I’m feeling more like me again.
But also not.
Because “me” is now also a mother who holds her child in her arms and offers the sweet, sticky milk that her body has produced, that her body wants to give, to pour into her baby.
“Me” is now a woman with an emptiness where there once was fullness.
“Me” now has nothing—idle parts—where there once was life.
“Me” is still working on being okay with that.
I do love my new, small breasts. I love the softness. The sag. The way that the skin falls down, relaxed. I even love the darkness of my nipples. Signs of the beautiful, strange, powerful elixir they once contained, and the sweet, toothless mouths that once sought them.
I love that Honest Baby is falling in love with her daddy in a whole new way.

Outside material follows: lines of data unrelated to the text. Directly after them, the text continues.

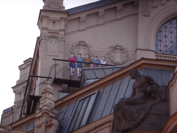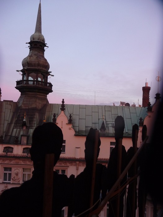 Na obrázku zvonice u Svatého Jakuba, hotel s ptákem Marabu (?) na střeše a probouzející se den.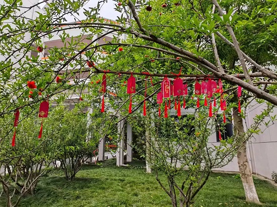 出征儀式后,同學們在簽名墻上寫下自己的心愿,在石榴樹上掛滿心愿卡,并享用了食堂為他們精心準備的自助晚餐。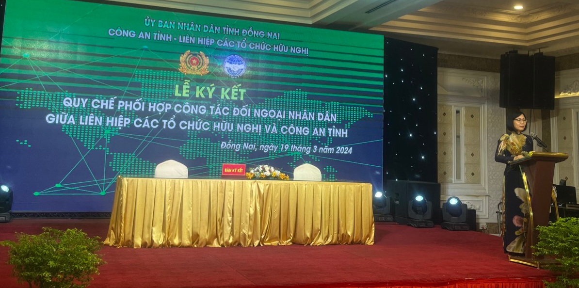 Công tác ĐNND là nhiệm vụ của cả hệ thống chính trị, của từng cán bộ, đảng viên và người dân. Nâng cao hiệu quả công tác ĐNND là góp phần củng cố khối đại đoàn kết toàn dân tộc, phục vụ thiết thực sự nghiệp xây dựng và bảo vệ Tổ quốc trong tình hình mới. Chiều ngày 19/3/2024, Công an tỉnh và Liên hiệp các tổ chức hữu nghị tỉnh Đồng Nai tổ chức lễ ký kết Quy chế phối hợp công tác ĐNND. Tham dự hội nghị có các đồng chí: Huỳnh Thanh Bình - UVTV, Chủ nhiệm Ủy ban kiểm tra Tỉnh ủy; Trần Trung Nhân - UVTV, Trưởng Ban Nội chính Tỉnh ủy; Hoàng Thị Bích Hằng - TUV, Phó Chủ tịch HĐND tỉnh; Nguyễn Thị Hoàng - TUV, Phó Chủ tịch UBND tỉnh và các đồng chí là lãnh đạo các sở, ban, ngành tỉnh, trưởng, phó Công an của các huyện, thành phố Biên Hòa, thành phố Long Khánh, các phòng ban trực thuộc Công an tỉnh và các Hội hữu nghị.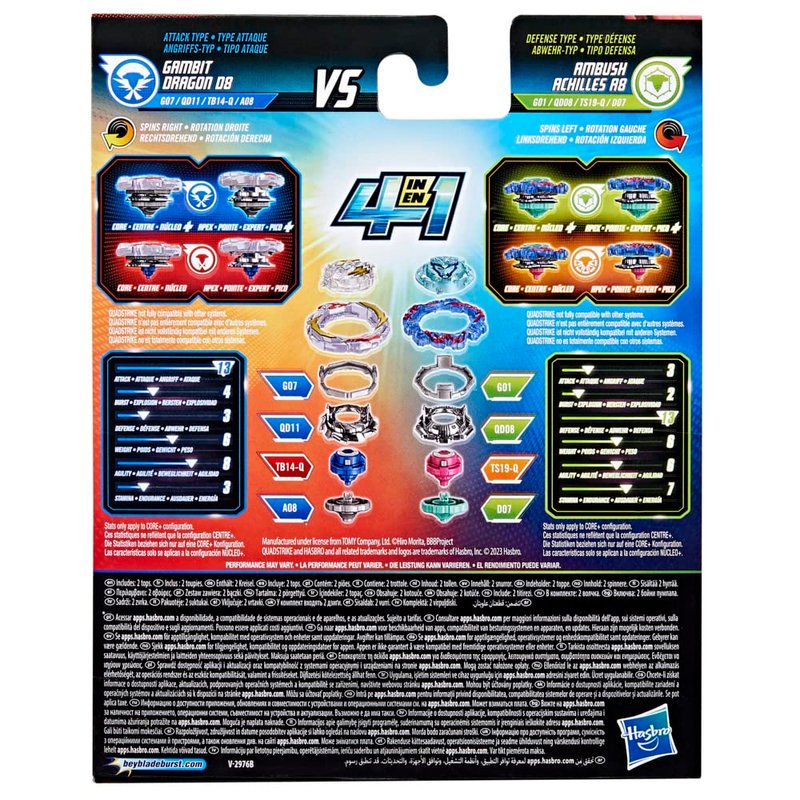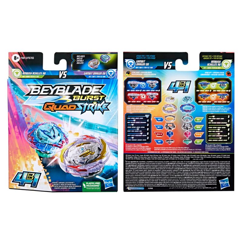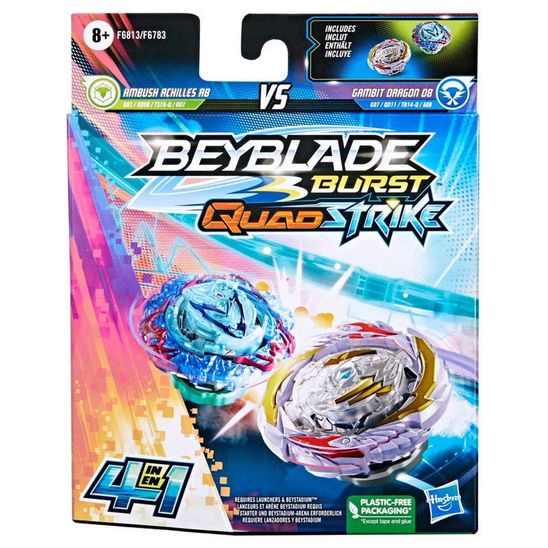 Beyblade Burst QuadStrike Dual Pack, Gambit Dragon D8 & Ambush Achilles A8 Competition Spinning Top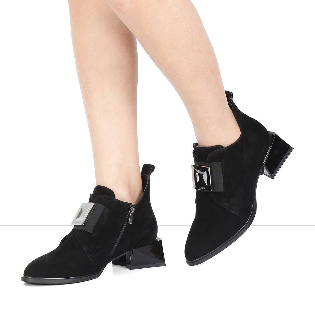 Kadın Siyah Fermuarlı Toka Detaylı Süet Deri Bot (787 41800-16641)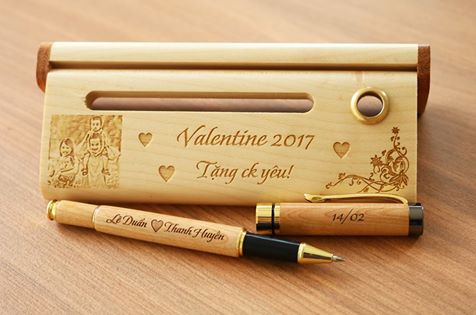 Quà tặng bút gỗ khắc tên valentine ý nghĩa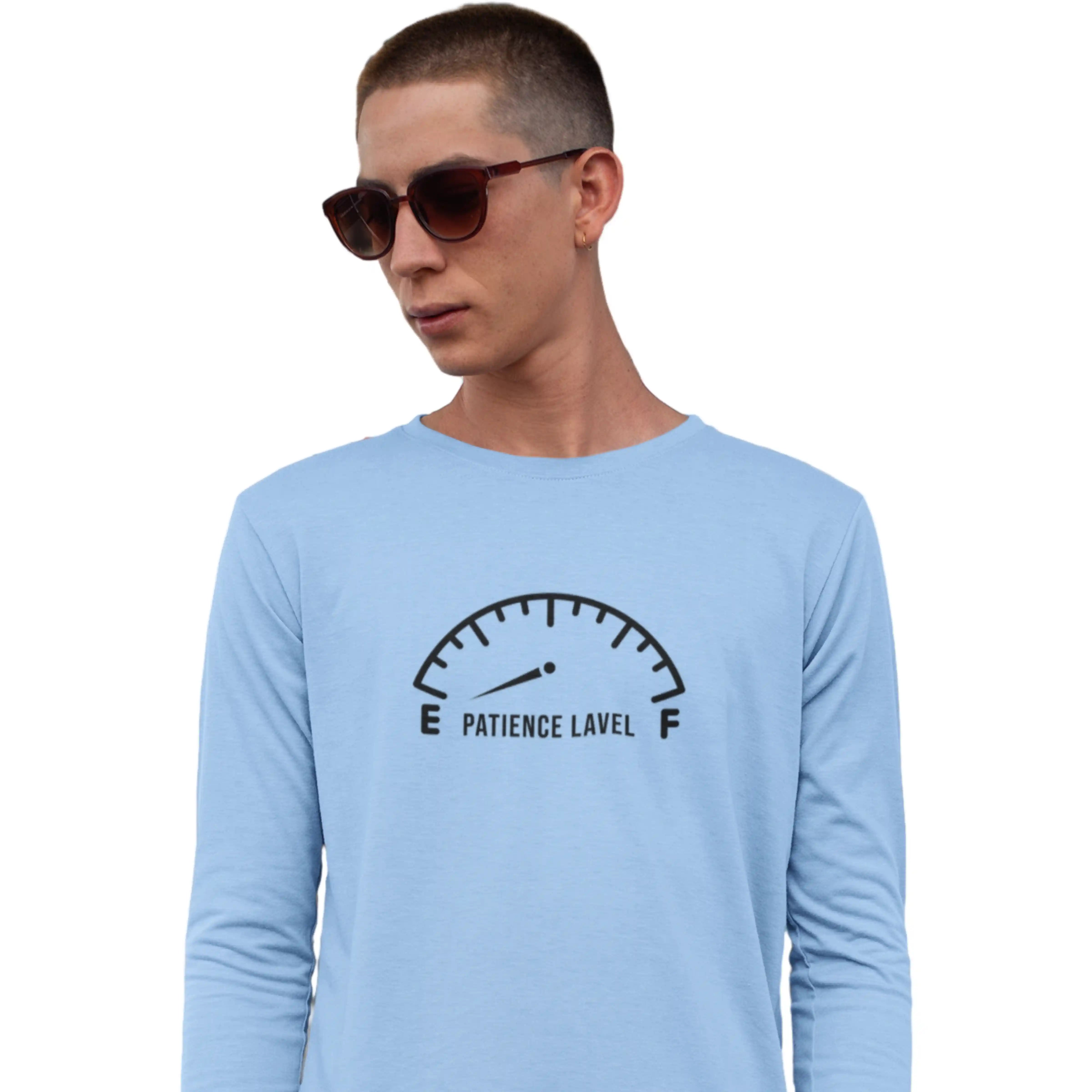 Stay cool and composed with this baby blue full-sleeve T-shirt featuring a witty “Patience Level” design. The round neck and regular fit make it perfect for casual wear with a fun personality.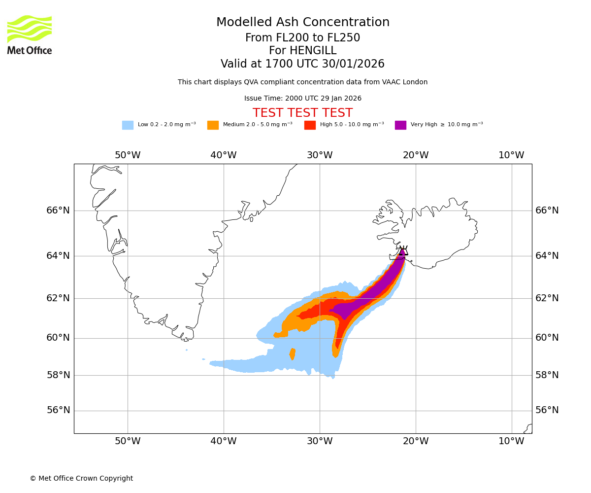 Modelled ash concentration from 200 to 250 for HENGILL. Valid at 1400 UTC 30/01/2026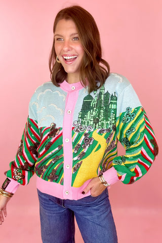 Queen Of Sparkles: Elphaba & Glinda Colorblock Profile Cardigan - Pink/Green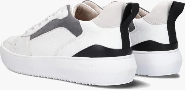 Het merk BLACKSTONE maakt stoere schoenen met een perfecte pasvorm. Van kwalitatieve materialen en gemaakt door vakmensen. En dat voel je. Dit minimalistisch witte design MYKEL is een lage sneaker met stijl en comfort! Hij is uitgevoerd in leer met opvallende overlays, grijs suède, perforaties op de neus en zwarte accenten. De hiel is voorzien van textieltape met aantreklus, een zwarte hielstabilisator en de tong heeft een subtiel merkreliëf. Daarnaast heeft deze unieke sneaker een gevoerde enkelkraag en tong voor een mooie aansluitende pasvorm en een prettig comfort. Het binnenwerk is gemaakt van leer met een uitneembaar voetbed. Dit casual model heeft een rubberen kuipzool met een ribbelprofiel en reliëf merkopdruk op de zoolrand.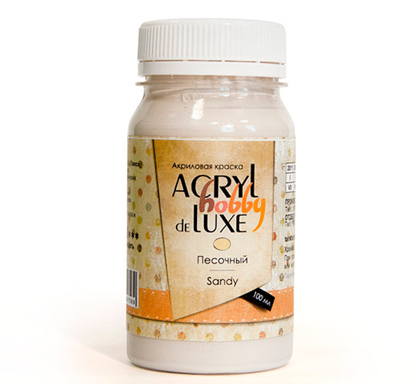 Акрил Hobby DeLuxe – краска на акриловой основе. Эта серия отличается от других большим количеством мягких пастельных оттенков и хорошей укрывистостью. Краска обладает слабовыраженным запахом, который исчезает при высыхании. Акрил Hobby DeLuxe хорошо подходит для декоративно-прикладных работ. Разбавляется водой или разбавителем акриловых красок. Красочный слой после высыхания становится водостойким и устойчивым к выцветанию. Hobby DeLuxe можно сочетать с другими акриловыми красками и акриловыми материалами (пасты, гели, различные добавки), что значительно расширяет художественные возможности. Акрил Hobby DeLuxe представлен палитрой из разнообразных пастельных оттенков. Все цвета выполнены с использованием 4-5 пигментов. Палитра цветов постоянно расширяется, и выпускаются новые оттенки. Акрил предлагается поштучно в баночках по 100 миллилитров. Акрил Hobby DeLuxe («Хобби Де Люкс») выпускается компанией «Таир», которая была основана в 1997 году в Санкт-Петербурге. Компания постоянно развивается и уже более 15 лет успешно работает на рынке художественных материалов.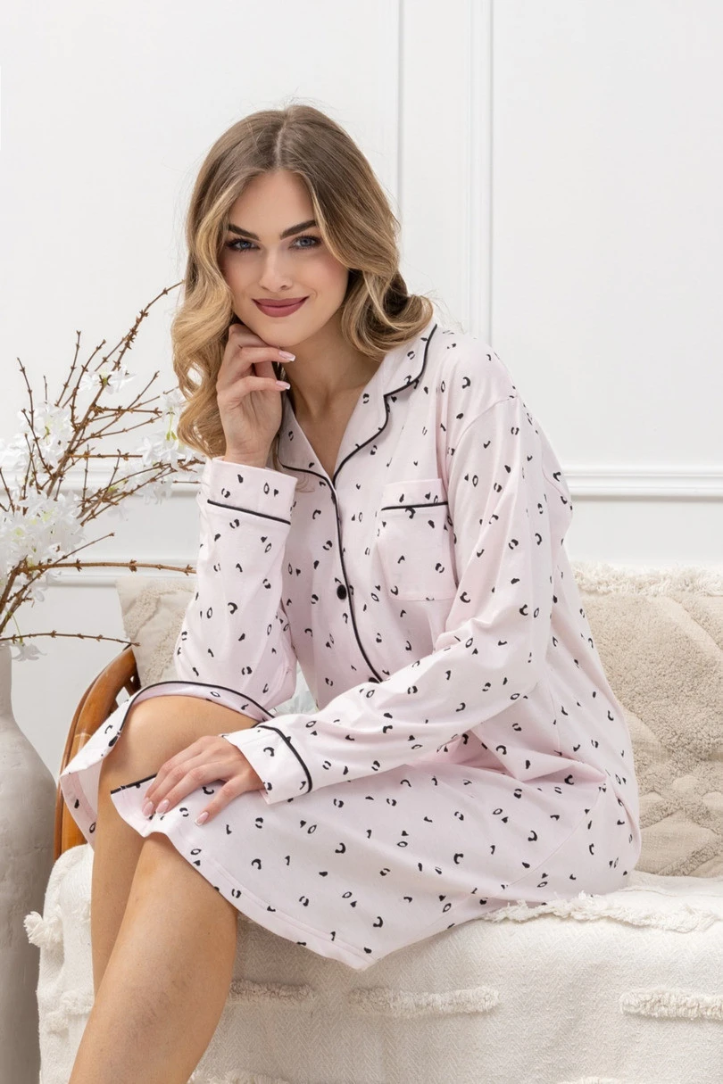 ANGELA 1619 značky Leveza je elegantní a pohodlná dámská noční košile bez zapínání, která je vyrobena z vysoce kvalitní 100% bavlny pro přirozenou prodyšnost a pohodlí při spánku. Model s délkou ke kolenům byl navržen s ohledem na funkčnost a ženský styl. Košile má klasický límeček, dlouhé rukávy s manžetou a jemné saténové lemování pro větší eleganci. Jemný vzor drobného leopardího vzoru na světle růžovém podkladu působí stylově, ale zároveň decentně. Bonusem je zaoblený lem na bocích košile, který opticky zeštíhluje siluetu a dodává jí lehkost. K dostání ve velikostech M-XL.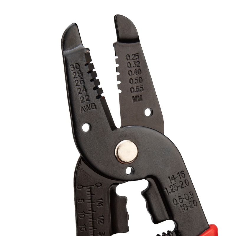 - Корпус выполнен из качественной инструментальной стали с возвратной пружиной для обеспечения обратного хода рукояток и регулятором размера зачистки кабеля.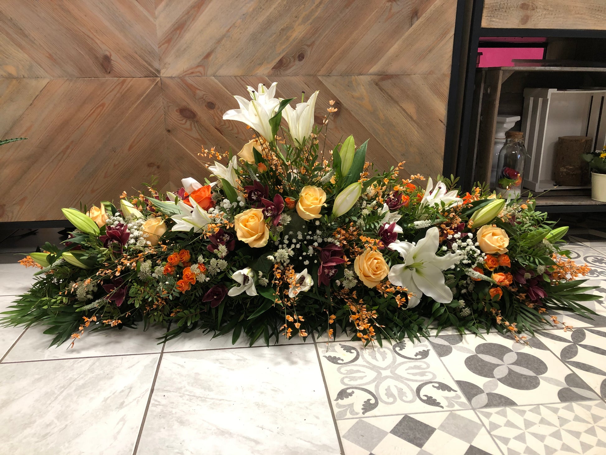 La raquette est une pièce de deuil réalisée en longueur avec différentes variétés de fleurs fraîches. Celle-ci sont piquées dans de la mousse imbibée d'eau.

I love that I now get to have bedtime with my smart, funny minx of a toddler while my husband rocks our baby in the next room.
I love that my baby is growing into an independent child.
I love that I’m able to try to become me again.
I love that I still have that opportunity.
But, yes, I’m still crying.
Being a parent is sometimes like being a recovering addict. I’d give anything to have just one more time. Just once more with breastfeeding. Just once more to see that second blue line appear on a pregnancy test. Just once more to feel that first kick from the baby growing inside of me. Just once more to watch a child that is loved and wanted emerge, like a gooey miracle, from the deepest part of me. Just once more. Just once.
But, sometimes, you have to stop. You have to decide that this will be the last time. It has to end.
An end.
It’s the only way to make a beginning.